The Microsoft company meeting was held this past Thursday, 21-SEP-06. At Safeco Field. For those of you who are not familiar with baseball, Safeco Field is the home stadium for the Seattle Mariners. In other words, it probably holds 40-50,000 people. Now, we didn’t take up the entire stadium. A lot of longtime employees pass on attending the company meeting because they’ve seen it before and have too much work to do. But it’s strongly recommended that you attend your first year at Microsoft, and as you can see from the photo above right, a lot of people did show up.
Something was conspicuously absent at the company meeting, however. No, it wasn’t Bill Gates (that’s him on the big screen in the photo to the right). Even though he is retiring in a year or so, he gave a keynote covering some of the fascinating things that Microsoft Research is working on.

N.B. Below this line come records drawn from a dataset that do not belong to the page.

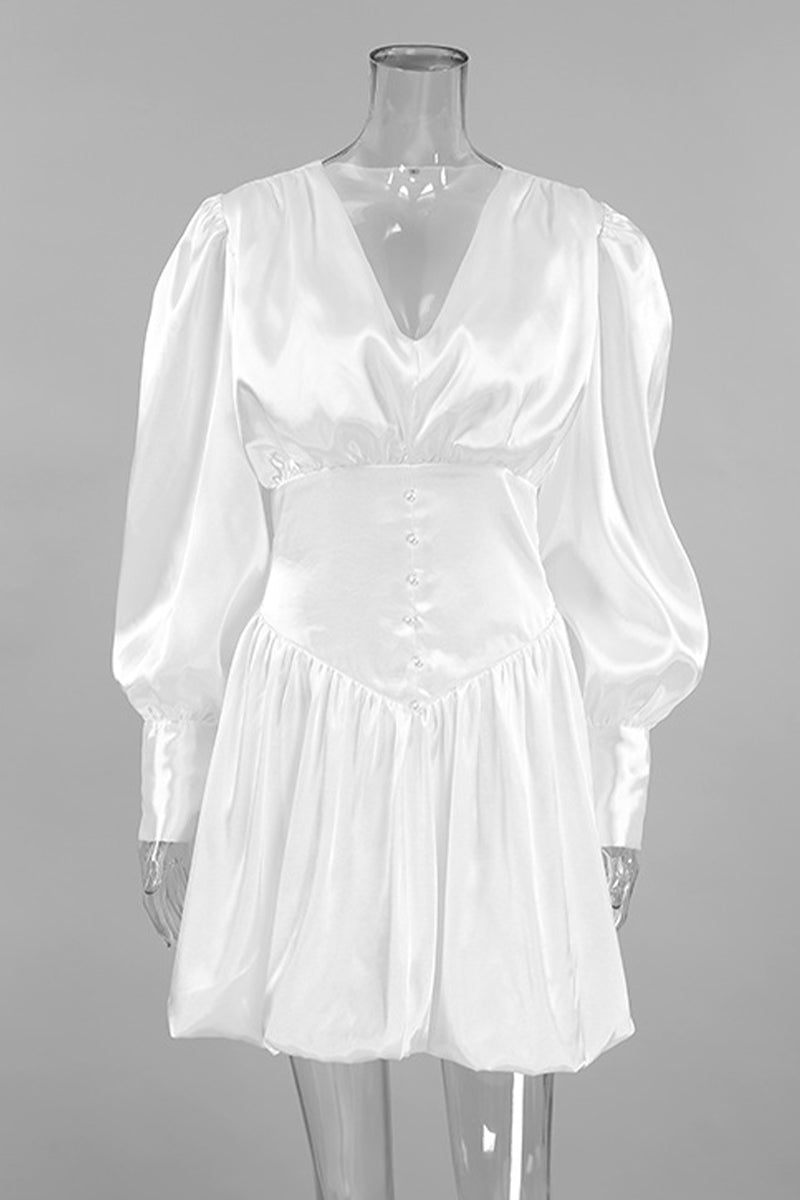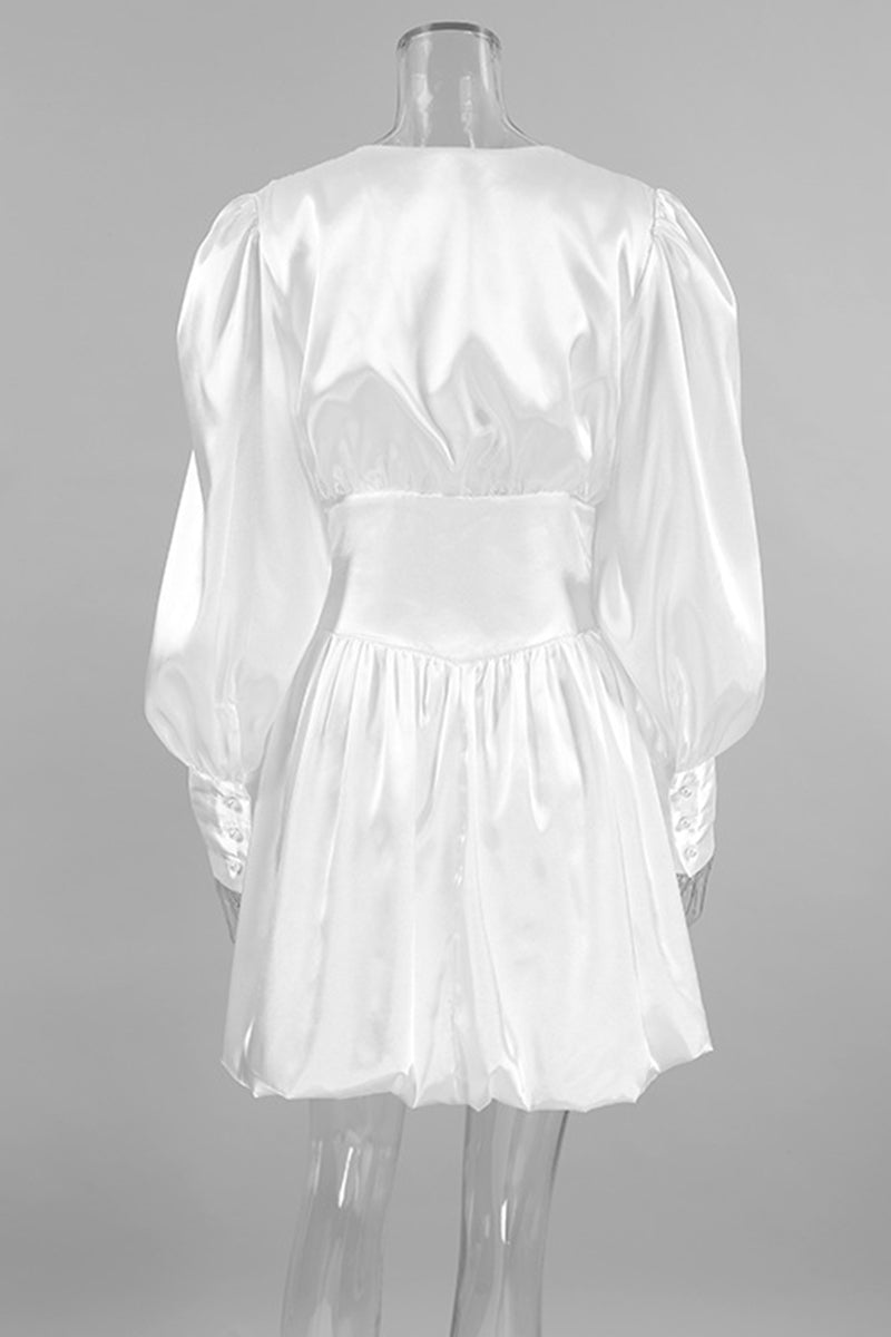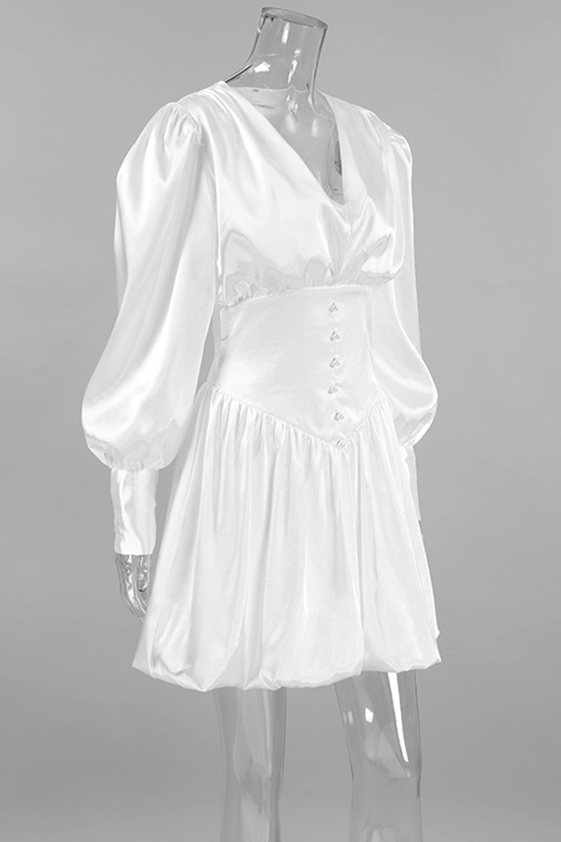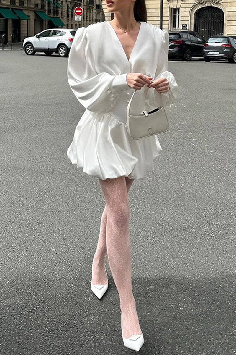 Street Elegant Solid Color Pearls Decor Ruched V Neck Ball Gown Dresses
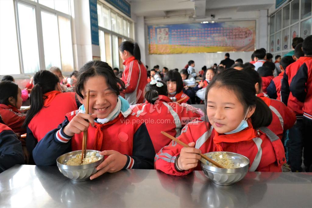 2021年4月9日,湖北省十堰市郧阳区柳陂镇中心小学学生们在食堂里吃“安全放心餐”。
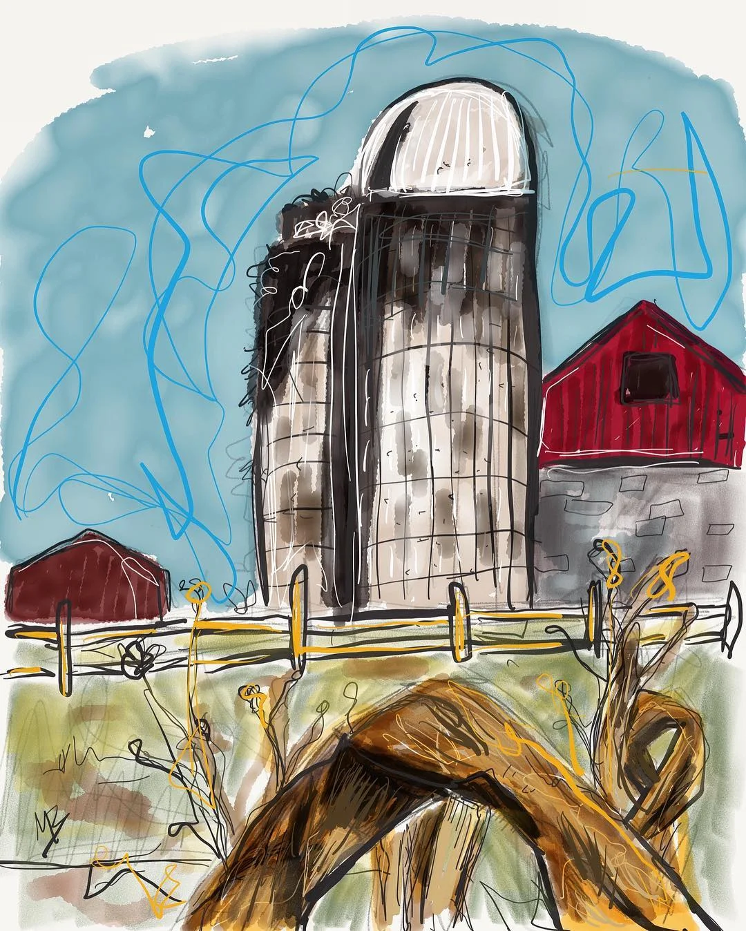 Digital sketch in @fiftythree app from photo taken at the farm today. #art #artist #digitalart #drawing #sketch #farm #silo #sq October 15, 2016 October 15, 2016 at 10:11PM

What was missing were laptop computers, which to me seem surgically attached to the vast majority of Microsoft employees. For example, at the first Visual Basic product team meeting I attended, only two people out of a dozen had not brought their laptops. I was one of the two people.

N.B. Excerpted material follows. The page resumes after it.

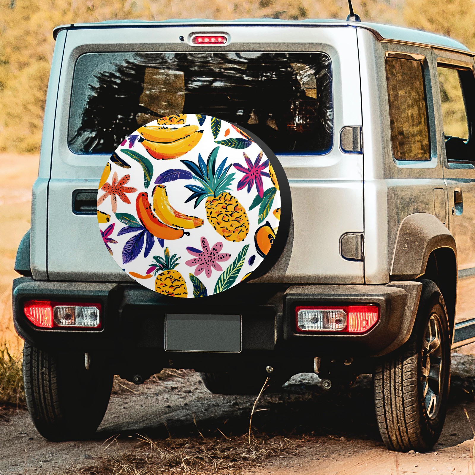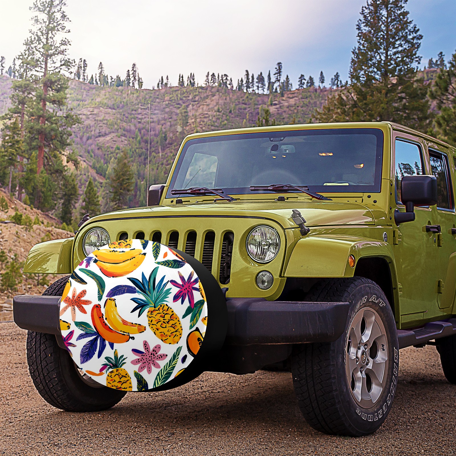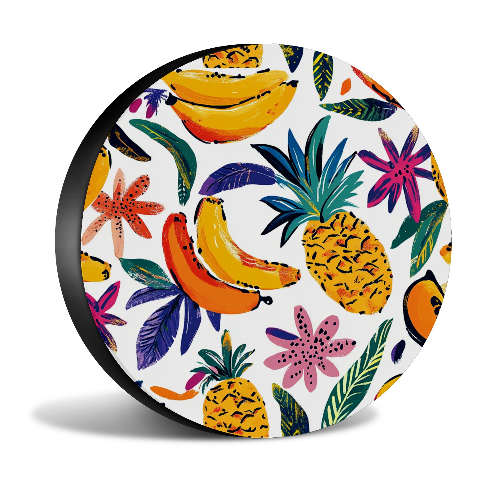Colorful Tropical Pattern Spare Tire Cover, Waterproof Wheel Protector Universal Fits for Truck SUV RV Trailer Camper (14 Inch)
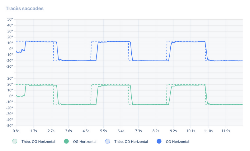 Tu gagnes en fluidité dans la lecture de tes tracés de saccades, de poursuite et de lecture.

What made Microsoft employees leave their laptops at home was security: when Bill and Steve are around, it means no laptops, no cameras, and no bags.
[I actually wanted to bring my laptop. I was behind on my marketing plan, and the first draft was due to my boss the next day.]

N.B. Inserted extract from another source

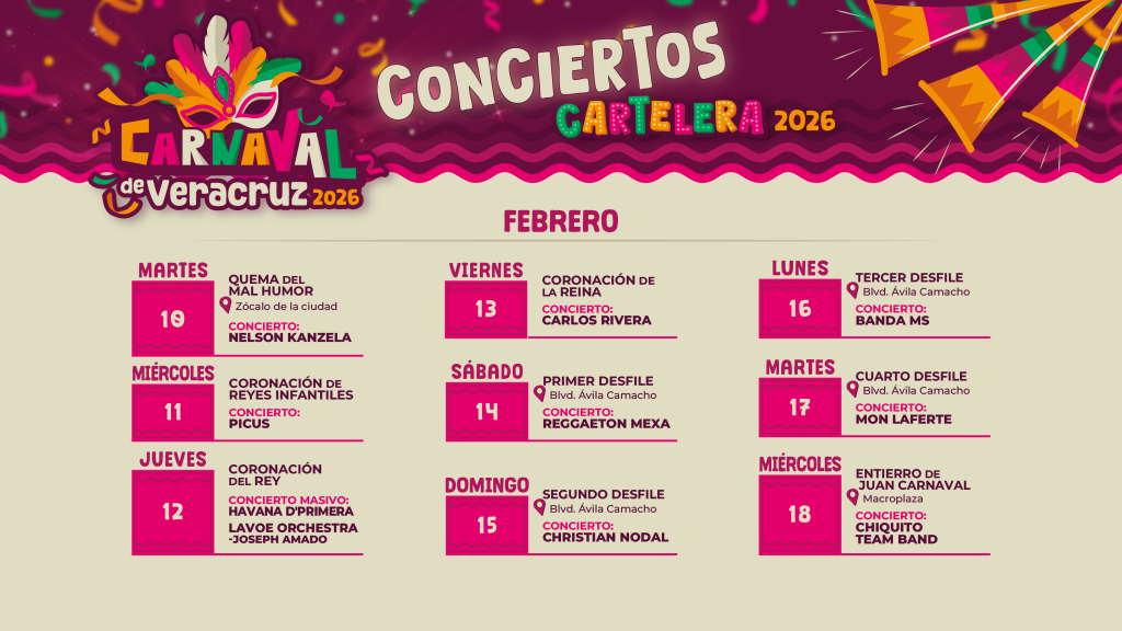 Veracruz, Ver., 17 de diciembre de 2025.– Con una programación artística que combina géneros, públicos y escenarios, el Carnaval de Veracruz 2026 contará con la participación estelar de Carlos Rivera, Christian Nodal, Banda MS y Mon Laferte, intérpretes de talla internacional que encabezarán la edición 102 de la fiesta de todos, a celebrarse del 10 al 18 de febrero.

Most of the company meeting was just a dog and pony show. Mind you, the dogs and ponies were bloody impressive–we got to see the best Microsoft has to offer–but there was still a big focus on features rather than benefits.
The thing that really surprised me, though, was that my cynicism was beaten down, at least for long enough that I drank some of the Kool-Aid being served. Part of it was just being a part of it. 20,000 people were in Safeco Field with me, all Microsoft employees just like me.
The other part of it was realizing that, as a user-focused company (as opposed to a datacenter-focused company like Oracle), Microsoft was changing parts of the world (albeit small parts). There was this incredibly sappy promotional video shown during the first keynote about a school in rural China to which Microsoft had donated computers and software. Watching it felt like reading George Antonious’ The Arab Awakening (published 1939), a deeply biased work of Arab nationalism that is nonetheless profoundly persuasive and managed to push my college self down the road of caring deeply about the Middle East–in spite of my general skepticism and resistance to manipulation. In other words, I knew I was being manipulated by this video, but I couldn’t help but be touched. The video included a high school girl who was brought to tears when trying to explain how much Microsoft’s contribution to her school meant to her and her future. Of course, this is a company with a ridiculous amount of money, so they couldn’t just leave it at that. After the video, they brought the school superintendent, the student and her mother up on stage. Microsoft had flown them in just for this event.
I was in a baseball stadium, and I could just imagine the hawker walking down the aisle, calling out "Kool-Aid, get your Kool-Aid!" I raised my hand to this imaginary vendor, passed him a few bucks, and happily drank my Kool-Aid down.